What is perhaps most significant is that these gazes penetrate beyond the prison itself; whereas the inmates in Discipline and Punish stare at one another and (presumably) cannot see beyond the prison walls, in social networking services the inmates necessarily see past its walls and militantly observe what transpires in the areas where content for inmates’ consumption originates. This occurs by virtue of the contents’ importation into the social networking service. By consenting to have their content drawn from sources outside of Facebook’s maw-like walls, content creators are forced to be aware that their external content repositories will be examined; while one’s ‘Friends’ may never visit your Livejournal blog, their gaze is directly experienced in the process of content creation on that blog. This works to normalize content creation that is external to Facebook itself insofar as what is being created is expected to be consumable by other inmates. Cases of deviance will have your account removed from the prison, leaving you unable to inspect others and unable to be inspected and valued by other inmates of the Facebook ecosystem. Indeed, the pleasure of content aggregation in Facebook is that there is (hopefully) a pleasurable experience when you, through the content you contribute, are positively valued.
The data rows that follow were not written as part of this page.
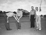 Here are the chief characters in the world's blind golf championship match at Rockwood golf course. At left, putting is Clinton Russell, world's champion from Duluth, Minnesota. Lining up Russell's clubhead is Jimmy Koehler, Duluth city golf champ who acts as the titlist's eyes, Minnesota. Second from right is Challenger Marvin Shannon of Fort Worth, Texas. Holding up the flag is Shannon's adviser and teacher, Sheet Fincher, Rockwood pro. Published in the Fort Worth Star-Telegram morning edition, October 24, 1941.
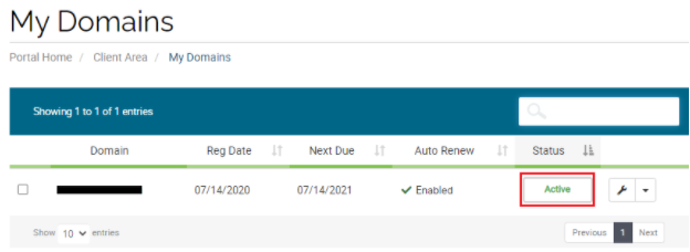 在“我的域名”页面中,选择您正在修改的域名右侧的绿色“活动”按钮:
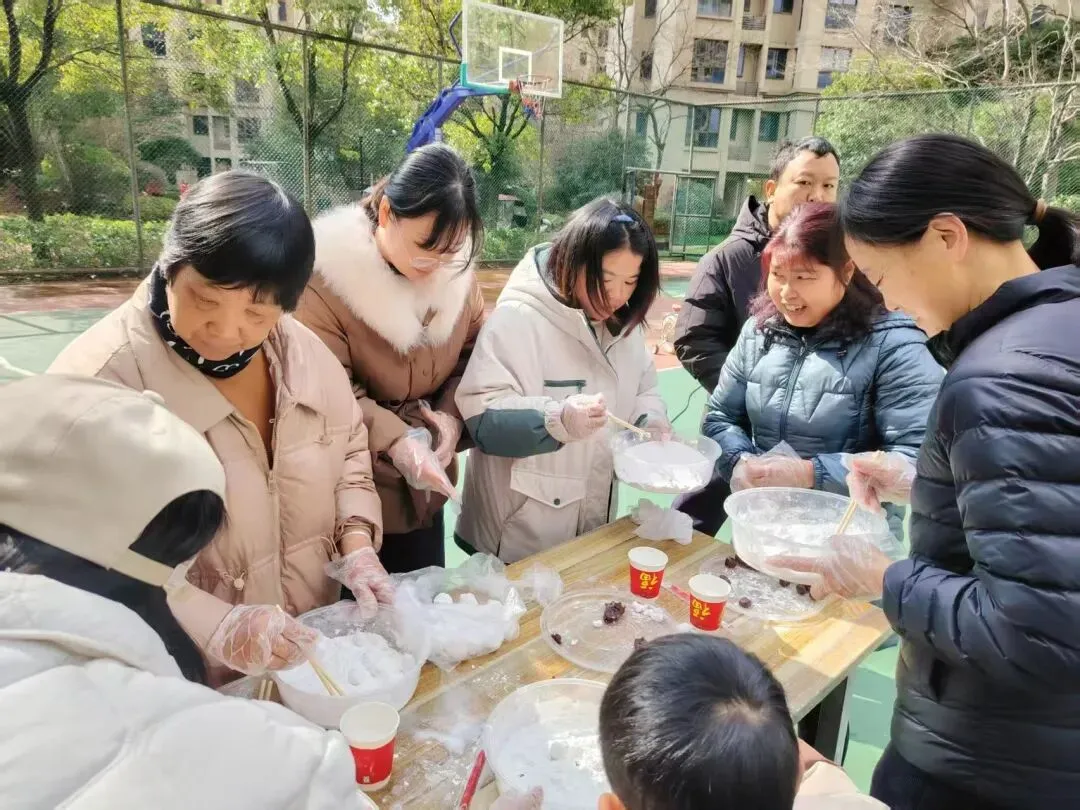 3月2日上午,中心花园广场支起长桌。糯米粉加水揉成团,芝麻馅裹进去,掌心一合便是白胖的汤圆。蒸汽升腾间,业主围站一圈,有的等着尝鲜,有的学着手法。白雾裹着糯香漫过人群,让三月的钰珑湾多了层人间的烟火气。

Diametrically, there is a terrifying despondency when your creation is rejected by your peers. It is of incredible importance that the morsels provided to social networking sites are palatable because their palatability indicates your own degree of integration with your peers, it provides a metric that evaluates whether you are ‘normal’ and thus like your peers, or whether you are abnormal and potentially in need of normalizing assistance as a diseased body or mind requires professional medical assistance. Moreover, as you refine you content and improve its palatability for the content-consuming masses your behavior is further normalized, that normalization is internalized, and you are consequently able to provide ever-more-appropriate content feasts.
A good meal is essential for healthy growth. What does it mean when your good meal is simply what others expect you to prepare, and ‘good’ has transformed to meeting the expectations of normal?
Can content begin to ‘taste’ like chicken? Has that already occurred?